Suppose that the population of deer and state is 19,900 and is growing 3% each year predict the population after 10 years.
To predict the population after 10 years, we can use the formula for exponential growth:
Population after t years = Initial population * (1 + growth rate)^t
Where:
Initial population = 19,900
Growth rate = 3% = 0.03
t = 10 years
Let's plug in these values:
Population after 10 years = 19,900 * (1 + 0.03)^10
Calculating this expression:
Population after 10 years ≈ 19,900 * (1.03)^10
Population after 10 years ≈ 19,900 * 1.343916379
Population after 10 years ≈ 26,771.743
Therefore, the predicted population of deer in the state after 10 years would be around 26,771.
To predict the population of deer after 10 years, we can use the formula for exponential growth:
P = P₀ * (1 + r)^t
where:
P is the final population after t years
P₀ is the initial population
r is the growth rate (expressed as a decimal)
t is the number of years
In this case, the initial population (P₀) is 19,900 and the growth rate (r) is 3% or 0.03. The number of years (t) is 10. Plugging in these values into the formula, we can calculate the predicted population:
P = 19,900 * (1 + 0.03)^10
P ≈ 19,900 * (1.03)^10
Using a calculator, we can solve this:
P ≈ 19,900 * 1.34392
P ≈ 26,762.68
Therefore, the predicted population of deer after 10 years would be approximately 26,763.
To predict the population of deer after 10 years, we need to calculate the growth rate for each year and add it to the current population.
Let's break down the problem step by step:
Step 1: Calculate the growth rate per year
The population is growing at a rate of 3% per year.
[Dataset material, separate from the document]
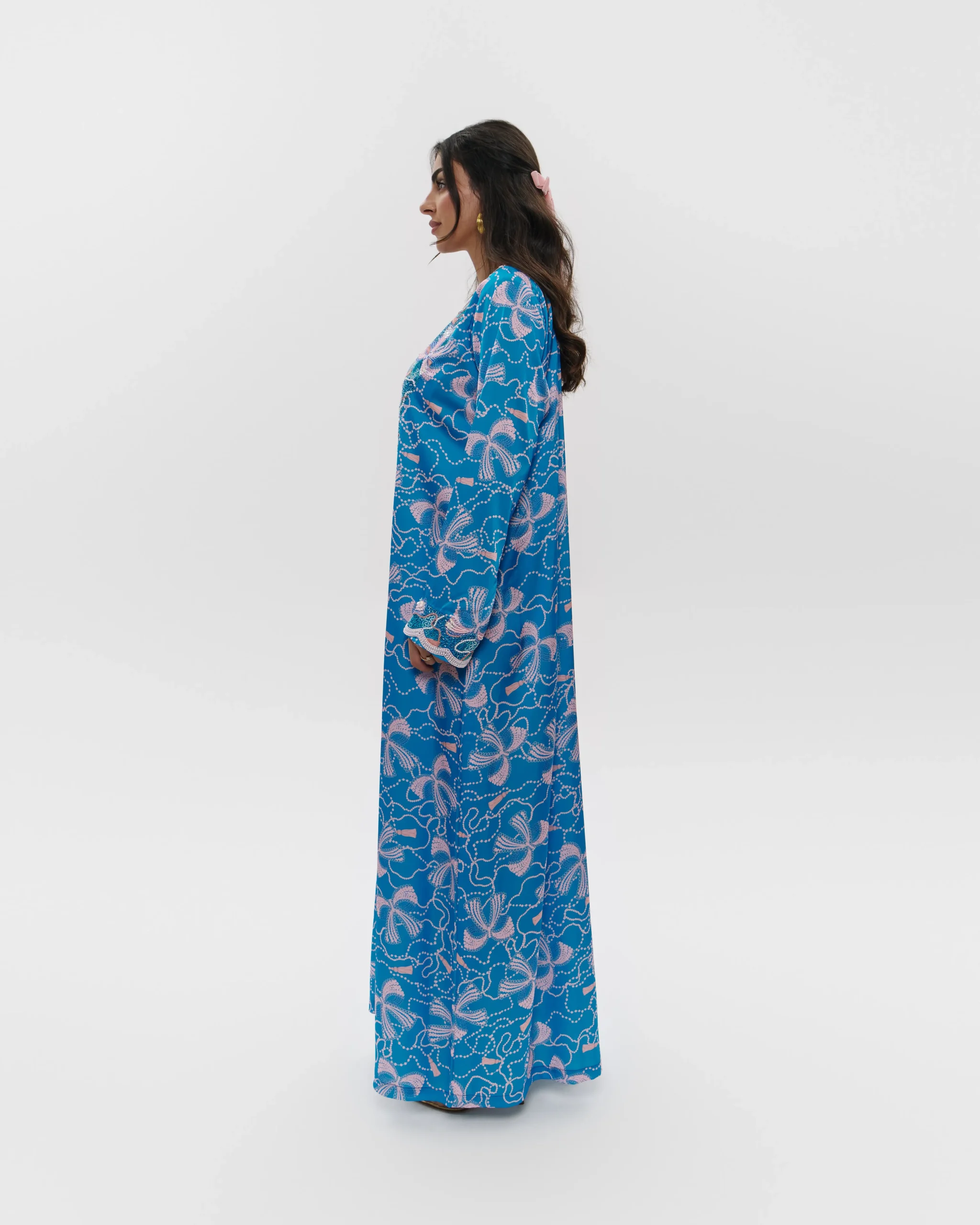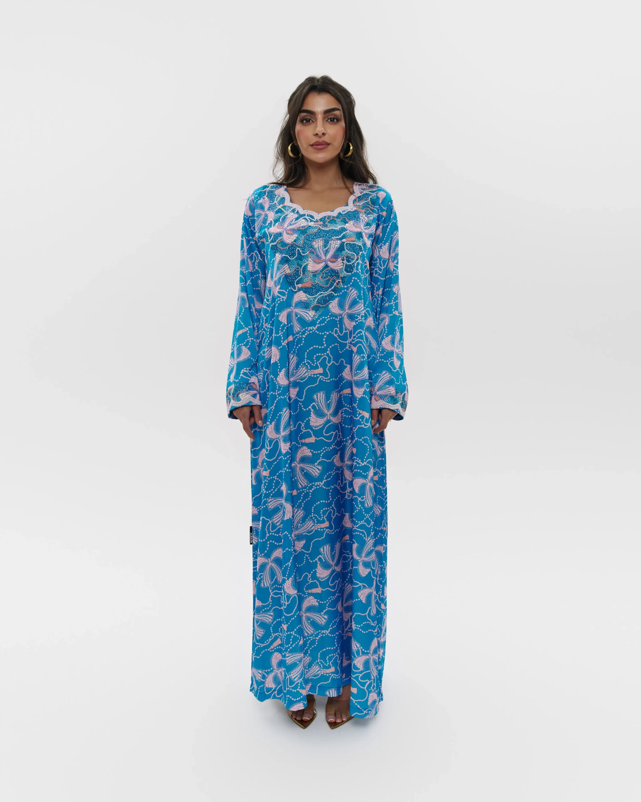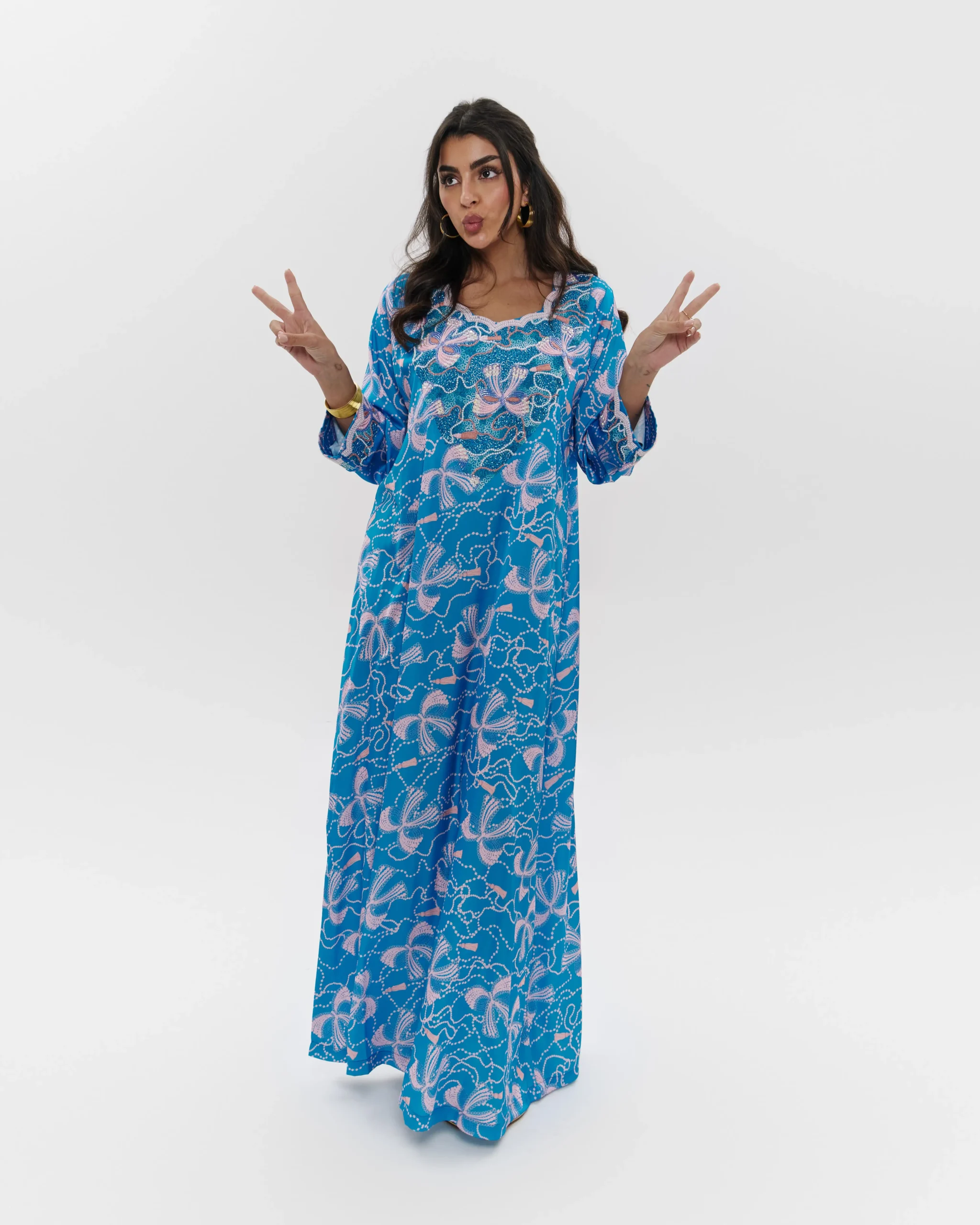 Blue loose-fitted jalabiyah with blue and pink embroidery. Baby pink ribbons pattern and baby pink neck and cuff piping.

To calculate the growth rate, we multiply the current population by 3% (or 0.03).
Growth rate per year = 0.03
Step 2: Calculate the population after one year
To predict the population after one year, we add the growth rate to the current population.
Population after one year = Current population + (Current population * Growth rate per year)
Population after one year = 19,900 + (19,900 * 0.03)
Step 3: Calculate the population after 10 years
To predict the population after 10 years, we need to repeat step 2 for each year. Since the growth rate is constant, we can use a formula to calculate it in one step.
Population after 10 years = Current population * (1 + Growth rate per year)^Number of years
Population after 10 years = 19,900 * (1 + 0.03)^10
Calculating the above expression, we get:
Population after 10 years ≈ 28,247
Therefore, the predicted population of deer after 10 years is approximately 28,247 individuals.